Стояла перед глазами другая Томка, не  Дьякова еще, а Рябинина. Тонюсенькая в свадебном платье,  заляпанном по подолу щедро  брызгами дорожной грязи… и фате, сбившейся на бок, отчего казалось, что не венок у неё на голове, а пилотка, сдвинутая набекрень, только белая, с цветами, а от неё тянется газовый шлейф. Она все подхватывала его, чтоб не мешался. Одной рукой. В другую намертво, как рак в утопленника вцепился муж или жених еще тогда? Может потому так крепко и вцепился, что на ногах едва стоял. Мишаня таращил глаза на тонкие  пальцы, на фату, на девушку, растерянную,  испуганную и без обычно для невесты света и радости. Нездешней она ему показалась, ненынешней.Он не сразу и понял для чего тормознули они машину?  Что хотят?  И только когда Ванька сунул в руку мятые купюры сообразил, что просят прокатить… Что за фантазия пришла в голову молодым кататься на ГАЗике? Да не стал он думать – согласился, подсадил в кузов, невесту и сообразил что надо бы хоть куртку кинуть… Он на этой машине зерно возил.
Так и катал их  сперва по деревне, потом до макушки перевала и обратно, а Ваньки лихо хлебал шампань из горлышка, может и не только шампань, вопил радостно.

Остановился он,  потому что стихли вдруг Ванькины вопли, шальные  и победные. А когда заглянул в кузов, увидел, что Ванька спит, мордой в собственной блевотине, а она сидит, окаменев и даже не плачет ни от обиды, ни от зла на напившегося жениха. Смотрит куда-то мимо него и точно мимо всего мира.
– Тряпку бы мне, я уберу. – не сразу сказала, когда заметила, что остановился, что вот уже минуты три смотрит на неё шофер неотрывно.
Съехал к реке, она и в самом  деле отдраила днище кузова, подоткнув подол свадебного платья.
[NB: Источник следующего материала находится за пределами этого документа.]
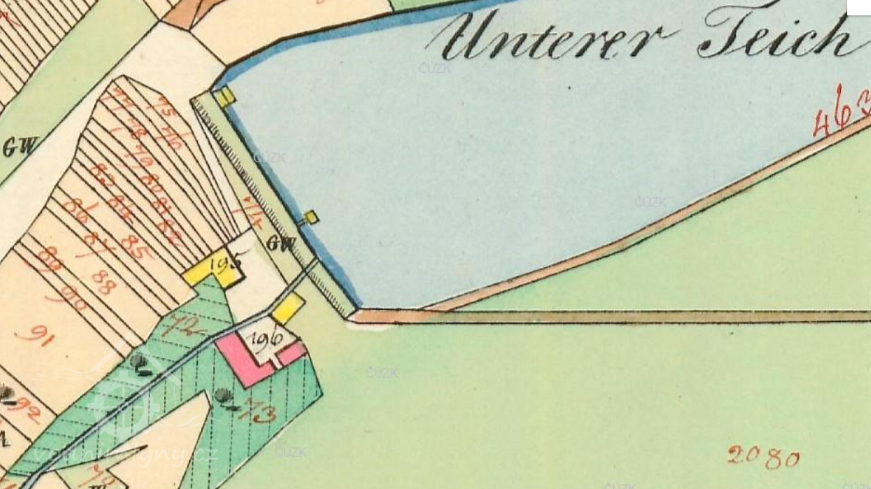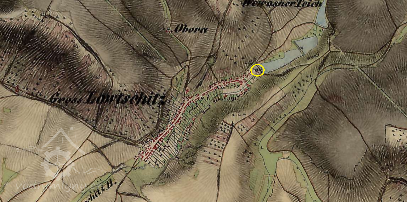 Původní mlýn již není zakreslen na mapě pozemkového katastru, ani není patrný na leteckém snímku z roku 1938
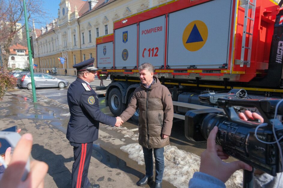 ,,Mulțumim Primăriei Municipiului Brașov și în special domnului primar. Într-adevăr, un echipament special, specializat pe un anumit tip de intervenții, în speță incendii de mari proporții. Acest echipament a veni cu o pulbere tip D care se folosește în majoritatea cazurilor unde avem metale piroforice care nu se sting, după cum știm, cu apă, inclusiv pentru mașini electrice, având în vedere că litiul este un metal piroforic, aflat în componența acumulatorilor acestor mașini și autobuze. După cum știm, Primăria Municipiului Brașov are parcul cel mai mare de autobuze electrice, cel puțin la nivel de județ, dacă nu cumva chiar și din țară. Și atunci, istoricul pe care l-am avut în ultimele intervenții de asemenea anvergură întâmplate în județul Brașov, ne-au condus să avem acest parteneriat. Nu este primul echipament pe care ni l-au furnizat și sperăm să nu fie ultimul. Dar, cu certitudine, de astăzi începând, mai avem un utilaj foarte important care o să ne sprijine în intervențiile noastre – noi sperăm să nu avem nevoie, dar dacă cumva o să avem, să avem un utilaj performant, care să ne ușureze munca. Are 4.000 de kilograme de praf și opt butelii cu azot care antrenează acel praf. Fiecare butelie are 50 de kilograme de azot. Putem să folosim și praful, antrenat de azot, dar și azotul singur, pentru stingerea anumitor tipuri de incendii”, a precizat inspectorul șef al Inspectoratului pentru Situații de Urgenta ,,Țara Bârsei” Brașov, general de brigadă Lucian Marciu.
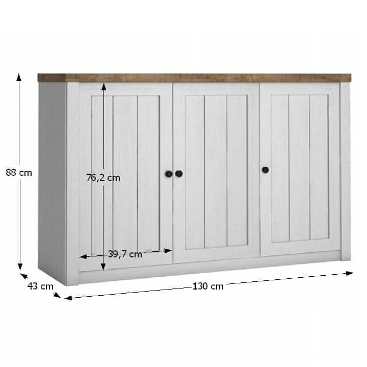 KONDELA Provance K3D trovratna komoda - Andersenov bor / Lefkada hrast
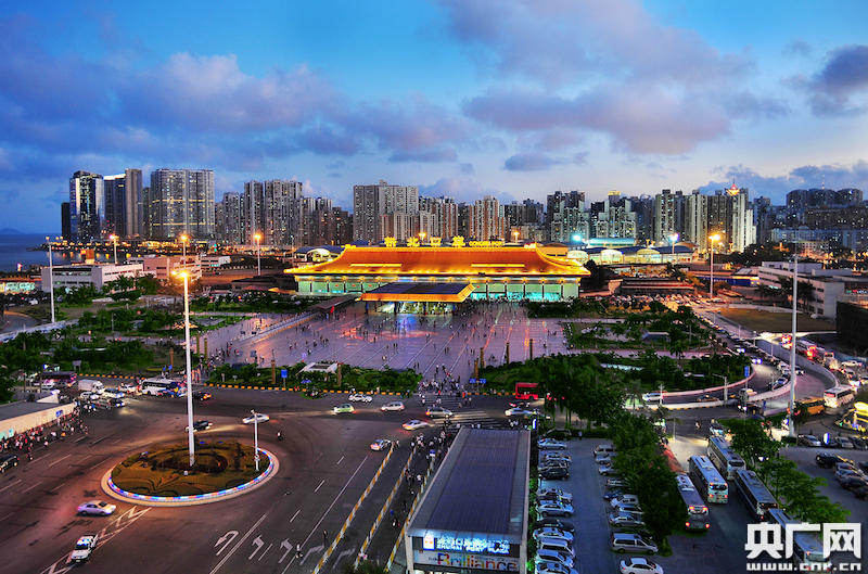夜幕下的拱北口岸

Он опять  лупал глазами, не зная, что сказать и старательно делал вид, что не замечает  как то и дело мелькали белые бедра. Все что мог он тогда, это стоять рядом и держать дурацкую фату. Это уже после, когда  смыла в речке и грязь с рук и разводы туши со щек накатило привычное, дурашливое, занозистое… Притиснул невесту к борту грузовика,  и в самое лицо выдохнул:
– Не боишься?

Думал заверещит, ударит, заплачет, прогонит прочь непонятное чувство тоски и очень понятное  мужское желание.
Но она даже подоткнутый  подол не поправила, сказала просто:
– Не боюсь. Добрый ты
Ему Мишке, самому себя тогда ненавидевшему, и живущему в той ненависти ко всему и всем в чем либо его счастливее:«Добрый ты»
Точно единожды взглянув,  все поняла даже то, что он сам о себе не знал…
Добрый…
Эх, Томка, Томка…
***
– Миша! – вдруг выкрикнула испуганно Томка. Села было но одеяло поползло обнажая грудь, поддернула край
– Миша! – повторила теперь для Мозгуя.
Еще охвачанный блаженной слабостью он проборматал:
– В Тыве он, спи…

Усмехнулся  этому испугу, потянул её за плечи. Попыталась вырваться, но он держал крепко, улыбаясь, наслаждаясь  напряженным, теплым, точно еще не остывшим от его Мозгуевского жара телом.
– В Ты-ы-ыве-е-е – пропел он,
Тома всхлипнула и опрокинулась покорно на спину, именно опрокинулась, точно тряпичная кукла, еще не замечая этой обреченности, он нашел её губы и вот тут вот тут услышал, как натужно, почти взвизгивая  прорычал движок, совсем рядом и все ближе, ближе….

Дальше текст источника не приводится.